Recent estimates published in Nature, for the period during which many areas engaged in lockdowns to contain or mitigate the spread of COVID-19, show global GHG emissions dropped by 17 per cent. This is significant, considering that despite many countries’ signing on to the Paris Climate agreement in 2015, the world’s emissions have actually continued to increase every year.

And this reduction would be great news, finally, except the world already needed to be reining in emissions every year just to avoid a higher-than-2-degrees-C increase to the global average temperature, as set out in the Paris agreement.

With the current focus of governments and citizens rightly on reopening economies and mitigating pandemic-induced economic upheaval, arguments for extending the global traffic slowdown for air quality’s sake are likely to fall on deaf ears. What is instructive, however, is to look beyond the numbers to the sources of those emissions.

While a decrease in air travel and commuter traffic seems to have had a real effect on lower emissions (researchers estimate just over half of the resultant drop this year was due to this), those aren’t the primary sources of global emissions. Those come from manufacturing and energy production, since in many areas of the industrialized world, electricity is generated through the use of fossil fuels. And when millions of people switch to working remotely, they may be driving less, but they are still using electricity.
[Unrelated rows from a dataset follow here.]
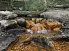 Dort, wo das Quellwasser mit dem Luftsauerstoff in Kontakt kommt, fällt das Eisen aus dem Wasser aus.
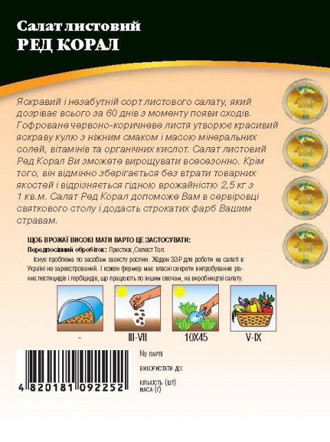 Насіння салату Ред Корал 3 г. WoS
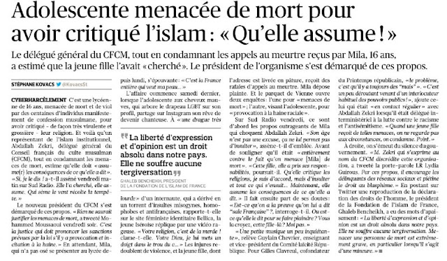 Vu l’avancée du problème, et sa rapidité, ça nous pend au nez !… Alors, par sécurité, le « coming-out » devient sacrément risqué. Pour vivre heureux (et en bonne santé…) vivions cachés, surtout dans le domaine des mœurs… N’oublions jamais que l’ennemi n’a aucune tolérance, ni humanisme inclus dans son dogme ! En outre, il ne semble pas que les assoces LGBT ou féministes aient trop plaidé la cause de Mila, un silence assourdissant en fait, ils ne peuvent pas tout faire, ils sont déjà islamo-compatibles, c’est lourd à porter !…
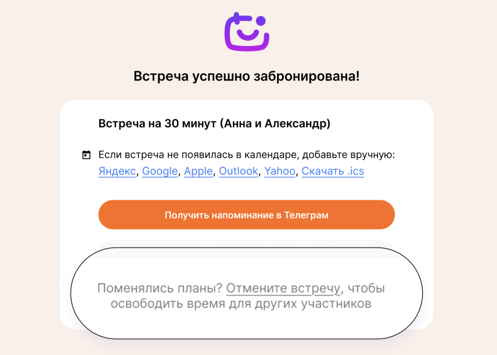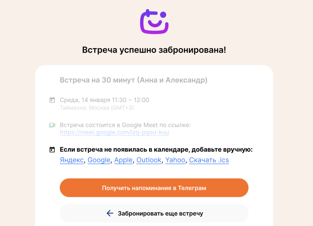Ваш гость откроет страницу, выберет подходящее время, укажет имя и почту и забронирует встречу. Далее он может подключить свой Телеграм, чтобы получить напоминания и подтвердить свою явку перед встречей. На почту и в календарь тоже будут отправлены детали встречи со ссылкой на видео-конференции, который вы выберете в настройках встречи.

Mark J. Terrill / The Associated Press
Clear skies over the empty 110 freeway in Los Angeles.
Mark J. Terrill / The Associated Press Clear skies over the empty 110 freeway in Los Angeles.

As well, China’s shutdown to slow the spread of the coronavirus meant shuttering major manufacturing areas, which had a dramatic effect: a 28 per cent drop in that nation’s GHG emissions.

When it comes to the path forward, curbing emissions and reducing the threat of climate change requires lower or no-emissions sources of energy on an industrial scale. Individual transportation choices won’t be enough. We need to rethink our energy grid, and shift from heavily subsidizing the fossil-fuel industry to supporting, and implementing infrastructure for, other long-term energy sources.

It should not be viewed as a separate problem from our efforts to contain and stop future epidemics. A warmer, less predictable climate also carries with it an increased risk of disease for Canadians, according to a recent Canada Communicable Disease Report (including increased risk of tick-borne diseases, endemic and exotic mosquito-borne diseases and food-borne diseases). In other words, we can take steps to reduce the risk of future outbreaks by addressing the climate problem.

The health and economic problems of the COVID-19 pandemic are urgent, immediate and will have long-term effects. And so it is with those caused by climate change. Perhaps as we look at solutions for one, we can also tackle solutions for the other — since they, like our civilization and well-being, are inextricably linked.